Rubin-Delanchy Patrick, Heard Nicholas A, Lawson Daniel J
School of Mathematics, University of Bristol, Heilbronn Institute for Mathematical Research, Bristol, United Kingdom.
Department of Mathematics, Imperial College London, Heilbronn Institute for Mathematical Research, London, United Kingdom.
J Am Stat Assoc. 2018 Aug 6;114(527):1105-1112. doi: 10.1080/01621459.2018.1469994. eCollection 2019.

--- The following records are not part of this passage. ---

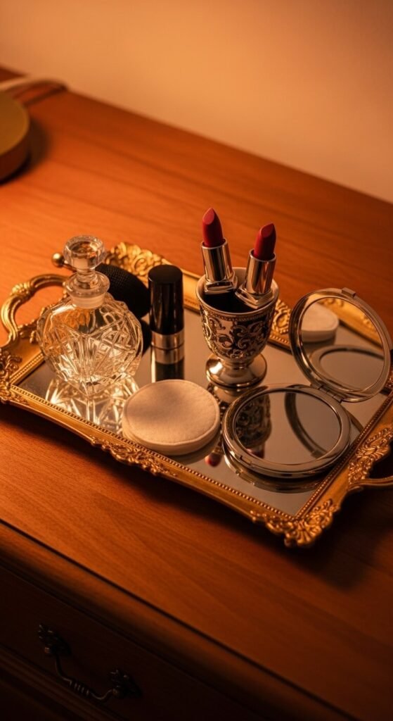 A pretty tray corrals your daily essentials without a big setup. Choose a tray with raised edges so nothing rolls off. Place only your daily-use products on it to keep things streamlined. Thrift stores often have beautiful trays for $2–$5. You can spray-paint one gold or white to match your space. It creates a visual boundary on your dresser and signals that everything inside belongs in your routine.
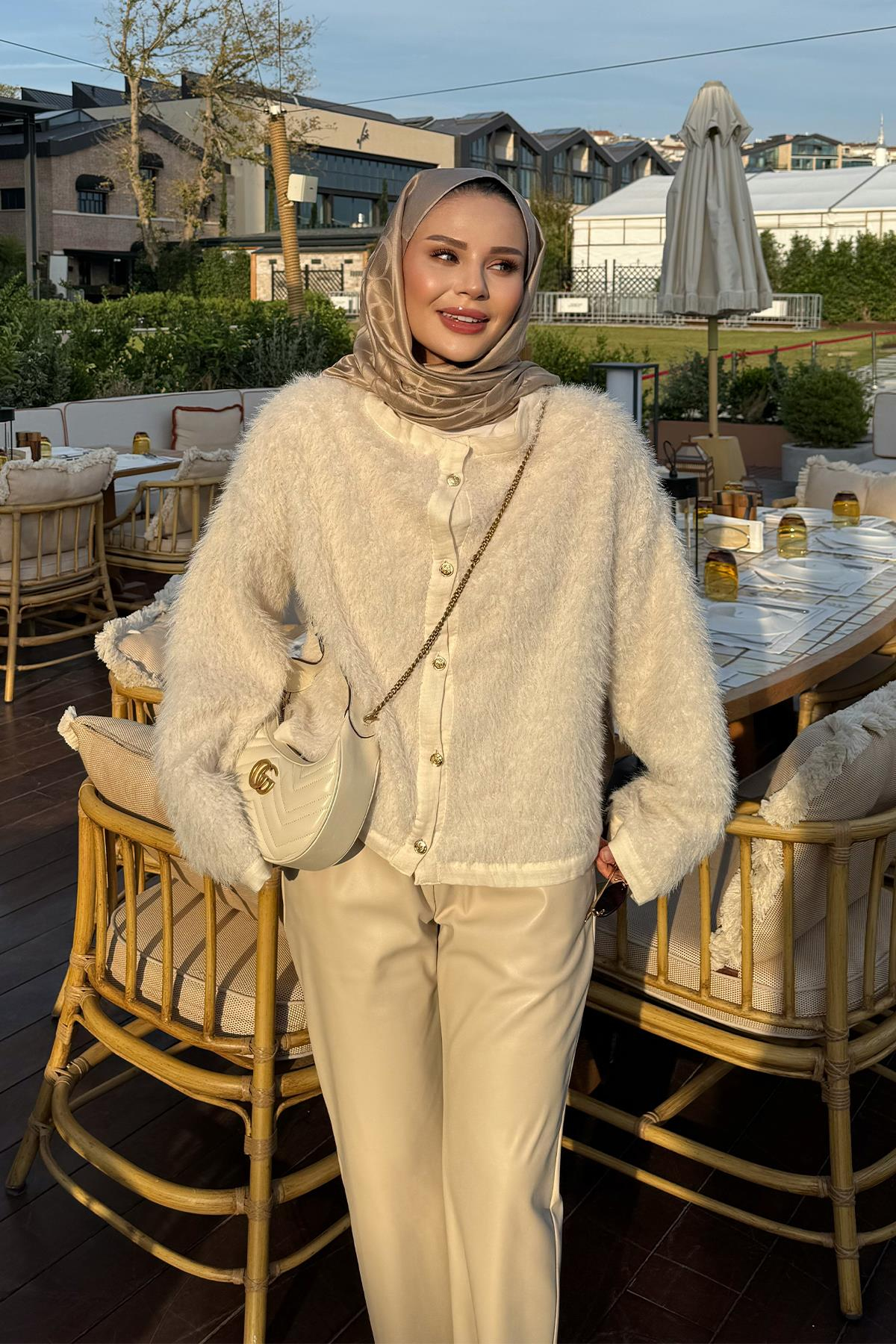 Gold Düğmeli Peluş Massimo Hırka Bej
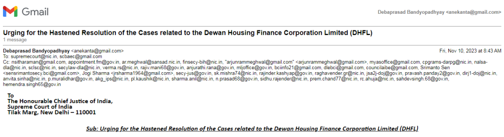 Sub: Urging for the Hastened Resolution of the Cases related to the Dewan Housing Finance Corporation Limited (DHFL)
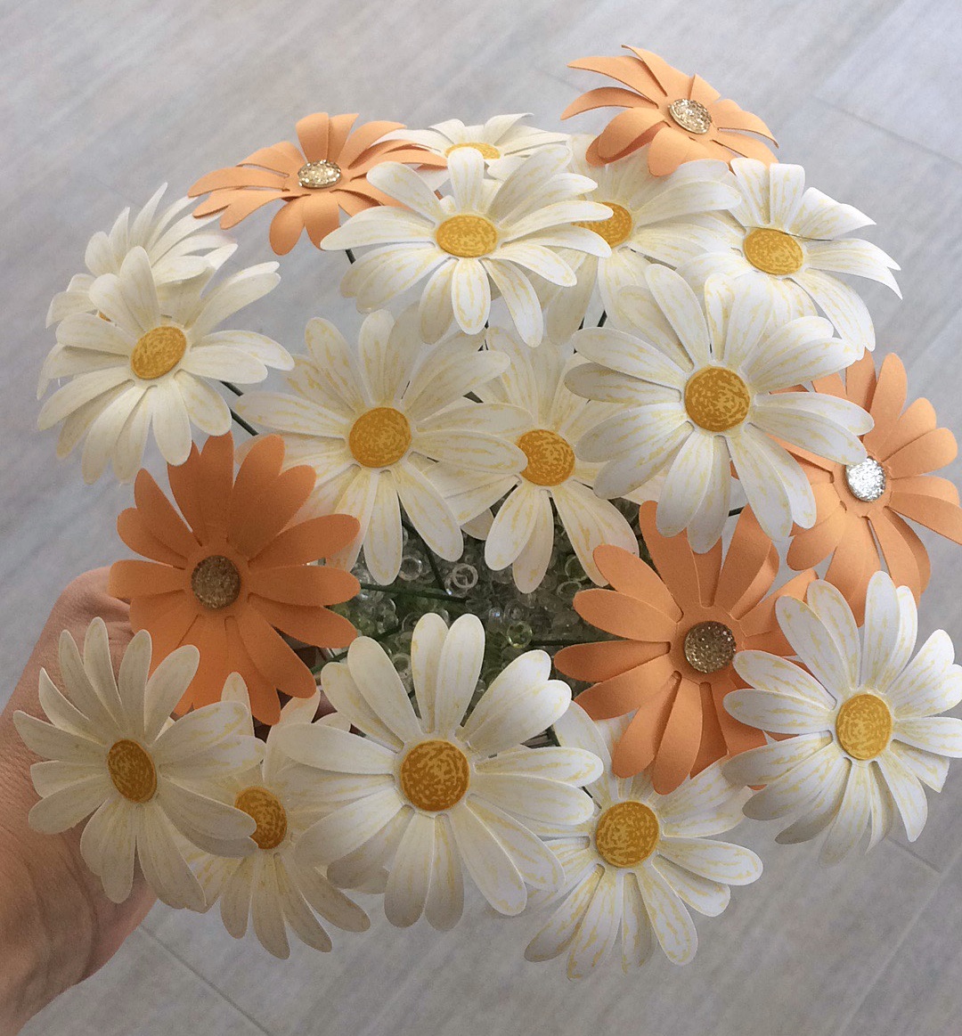 Ich hab mir da mal ein Blumensträußchen für’s Büro gemacht. Kein Gießen nötig, verwelkt nicht, und dank Stanze und passendem Stempelset soooo schnell und einfach gemacht! Am 28.7. gebe ich wieder eine Sammelbestellung auf, schnapp Dir doch das Produktpaket und bau Dir Deinen eigenen Strauß!
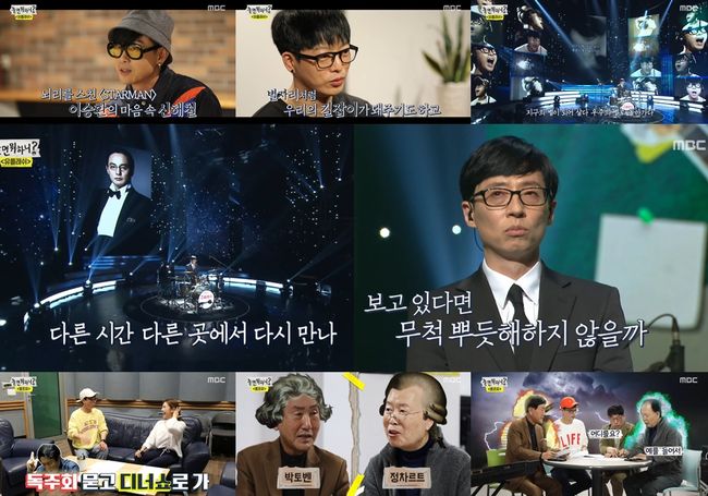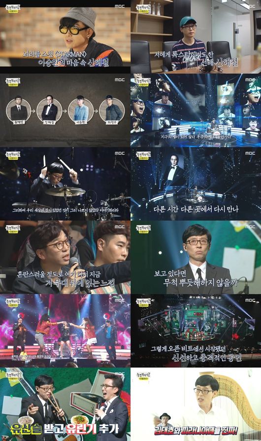 이어 지난 2014년 우리 곁을 떠난 고 신해철과의 가슴 뭉클한 컬래버 무대가 안방을 먹먹하게 만들었다. 유재석의 드럼비트에 신해철의 미발표곡 ‘아버지와 나 파트3’로 추정되는 신해철 내레이션이 더해졌다. 여기에 프로듀싱을 맡은 이승환이 국카스텐의 하현우와 함께 보컬을 더하며 감동의 ’STARMAN' 무대가 완성됐다.
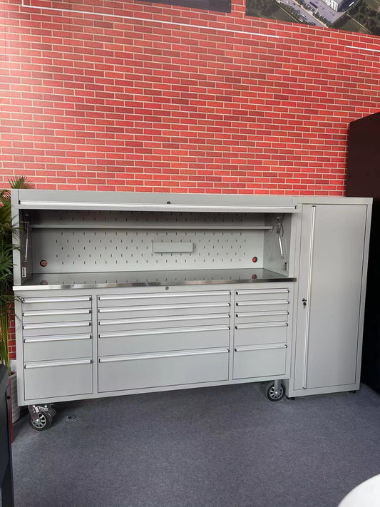 FREEDOM 72inch 15 Drawers Tool Chest With Up Cabinet&Pegboard SS
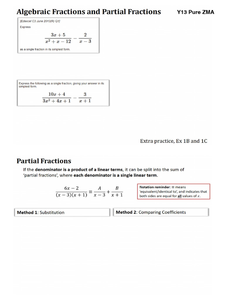 Ch.1b Partial Fractions Lesson Notes | PDF
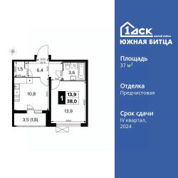Продаётся 1-к квартира номер 510 общей площадью 37.7 кв.м. на 2-м этаже 23 этажного здания. Отделка Whitebox. Цена с учётом скидки.
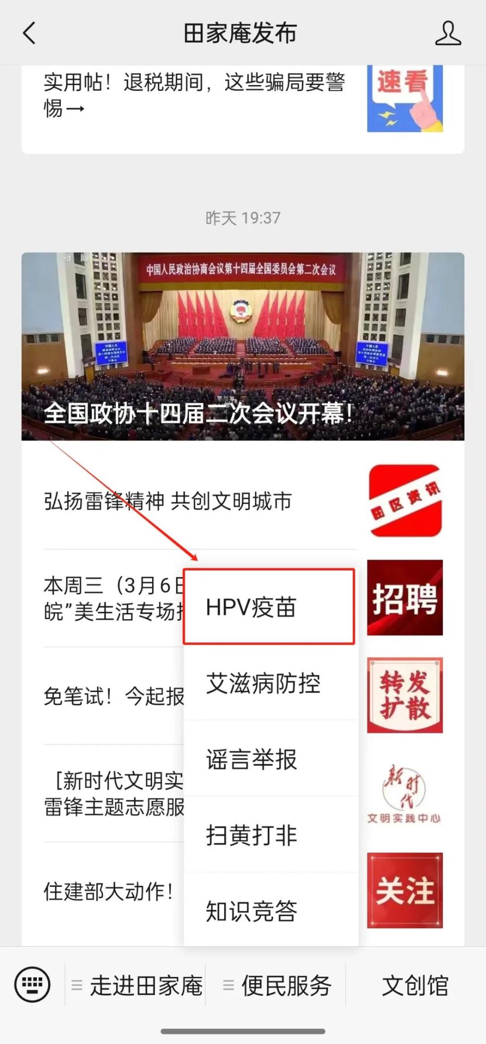 第二步,进入公众号,点击下方“便民服务”,选择子菜单栏“HPV疫苗”进入预约界面,点击“我的”完善个人信息资料填写并保存;

The mid--value is a proposed improvement on the ordinary -value for the case where the test statistic is partially or completely discrete. In this case, the ordinary -value is conservative, meaning that its null distribution is larger than a uniform distribution on the unit interval, in the usual stochastic order. The mid--value is not conservative. However, its null distribution is dominated by the uniform distribution in a different stochastic order, called the convex order. The property leads us to discover some new finite-sample and asymptotic bounds on functions of mid--values, which can be used to combine results from different hypothesis tests conservatively, yet more powerfully, using mid--values rather than -values. Our methodology is demonstrated on real data from a cyber-security application.
中值是针对检验统计量部分或完全离散的情况对普通值提出的一种改进。在这种情况下,普通值是保守的,这意味着在通常的随机序下,其零分布大于单位区间上的均匀分布。中值则不保守。然而,其零分布在一种不同的随机序(称为凸序)下由均匀分布主导。这一性质使我们发现了一些关于中值函数的新的有限样本和渐近界,这些界可用于以保守但更有效的方式组合来自不同假设检验的结果,即使用中值而非普通值。我们的方法通过一个网络安全应用的真实数据进行了演示。